**INPUT FOR THIS TASK:**
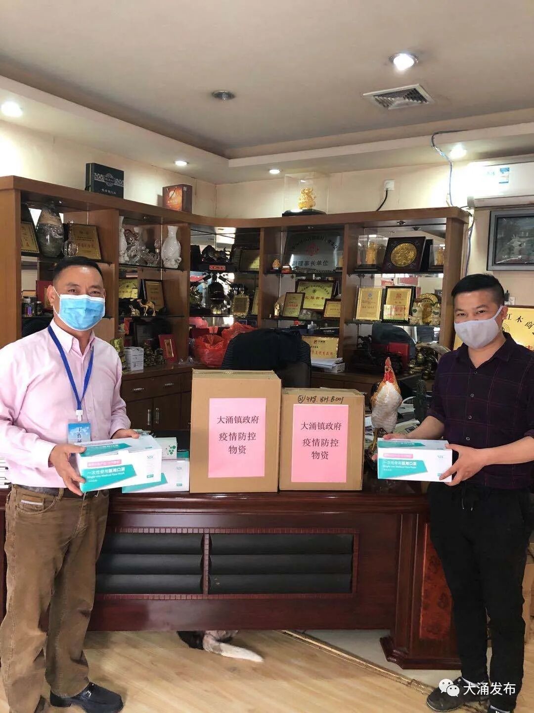 ▲大涌向镇内每家规上限上企业免费提供1万个口罩和2个测温仪,为企业复工复产“保驾护航”。
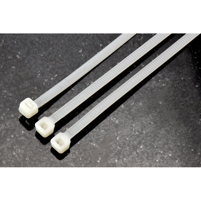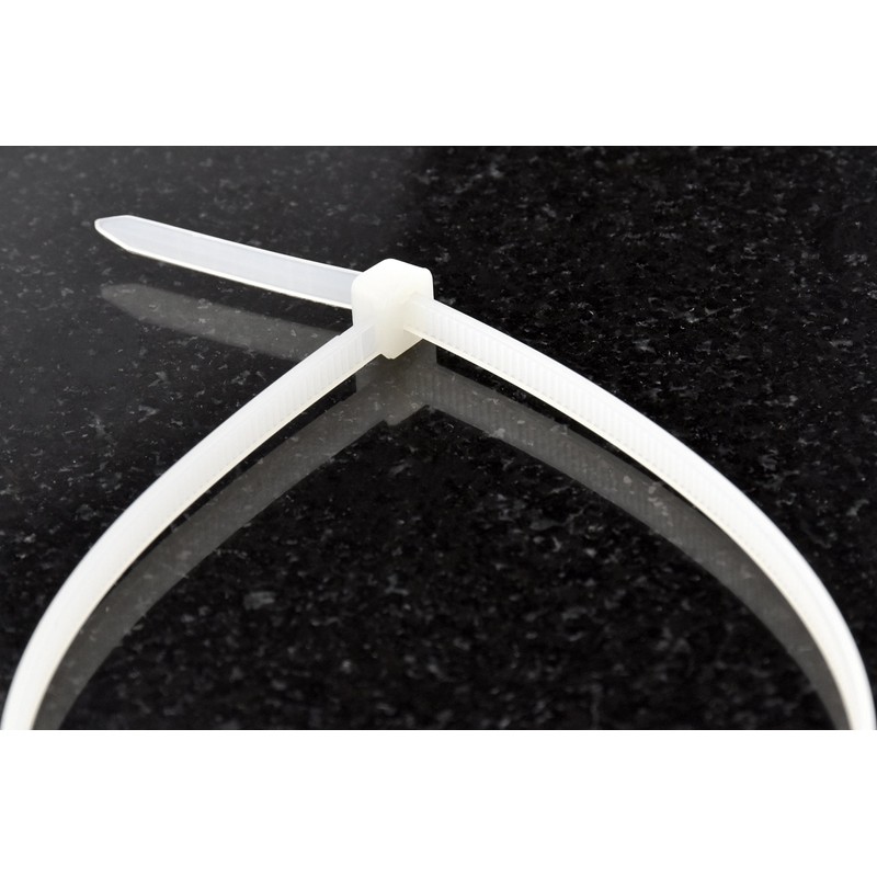 Features of this product include: . 100 cable ties . Color: White . Tensile strength: 50 lb. . Thickness: 4.2mm . UL-approved: E203148
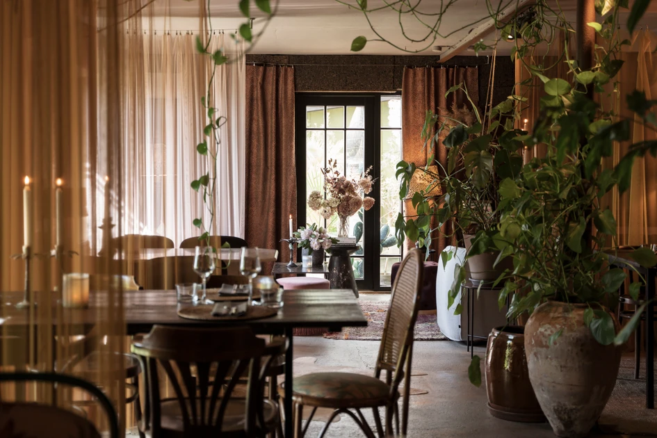 The restaurant in particular bursts with playful patterns and textures. Cork lines the walls for insulation and moisture regulation, while whimsical room-divider curtains, dried plants and mix-and-match rugs on polished concrete flooring give the space a lived-in feel that belies chef Jouke Knijff's elevated, local fare. Natural fibres and wood accents are scattered throughout tableware and furniture for a maximalist space that alerts the senses even before the plates start piling up.
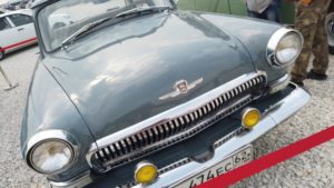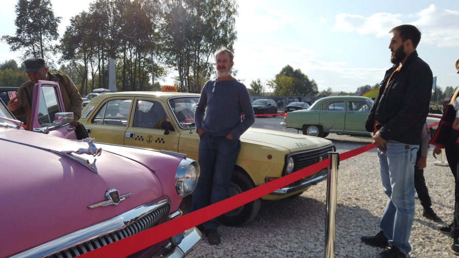 Это машины марки «Победа», «Москвич», «Волга 21» и «Волга 24». Своих советских коллег поддержала и иномарка – «Мерседес бенц 200». Все машины прибыли на место своим ходом, хотя возраст у них солидный. Одной из «Волг» 57 лет – она 1966 года выпуска.
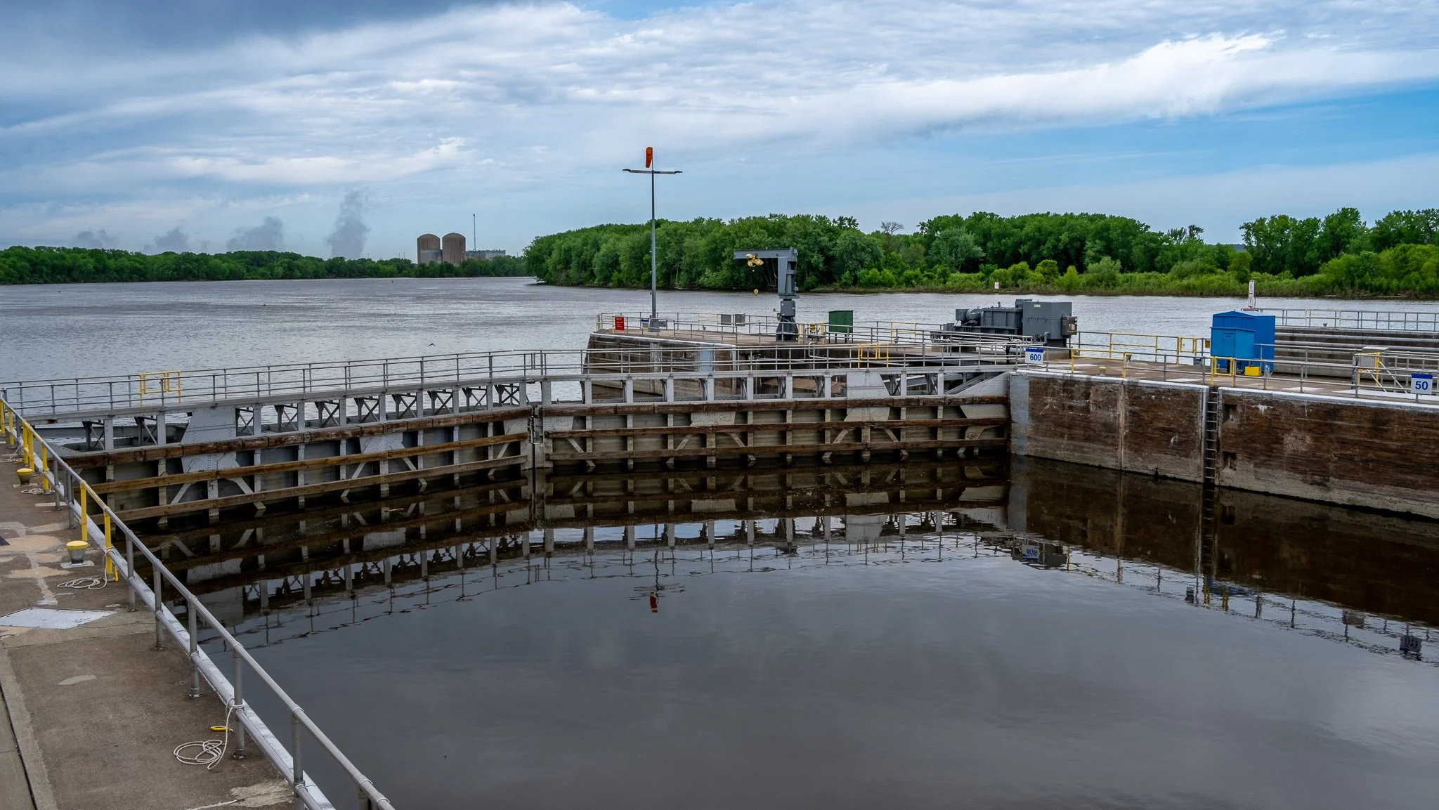 A brief stop in Red Wing, MN to visit Lock & Dam No. 3. Notice the nuclear power plant in the background.
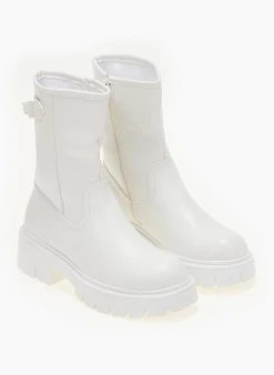 The Fashion Project Μποτάκια Biker με τρακτερωτή σόλα – Λευκό

**WORK REQUIRED:**
Omit every picture while printing the data word for word.

**TASK RESPONSE:**
 ▲大涌向镇内每家规上限上企业免费提供1万个口罩和2个测温仪,为企业复工复产“保驾护航”。
 Features of this product include: . 100 cable ties . Color: White . Tensile strength: 50 lb. . Thickness: 4.2mm . UL-approved: E203148
 The restaurant in particular bursts with playful patterns and textures. Cork lines the walls for insulation and moisture regulation, while whimsical room-divider curtains, dried plants and mix-and-match rugs on polished concrete flooring give the space a lived-in feel that belies chef Jouke Knijff's elevated, local fare. Natural fibres and wood accents are scattered throughout tableware and furniture for a maximalist space that alerts the senses even before the plates start piling up.
 Это машины марки «Победа», «Москвич», «Волга 21» и «Волга 24». Своих советских коллег поддержала и иномарка – «Мерседес бенц 200». Все машины прибыли на место своим ходом, хотя возраст у них солидный. Одной из «Волг» 57 лет – она 1966 года выпуска.
 A brief stop in Red Wing, MN to visit Lock & Dam No. 3. Notice the nuclear power plant in the background.
 The Fashion Project Μποτάκια Biker με τρακτερωτή σόλα – Λευκό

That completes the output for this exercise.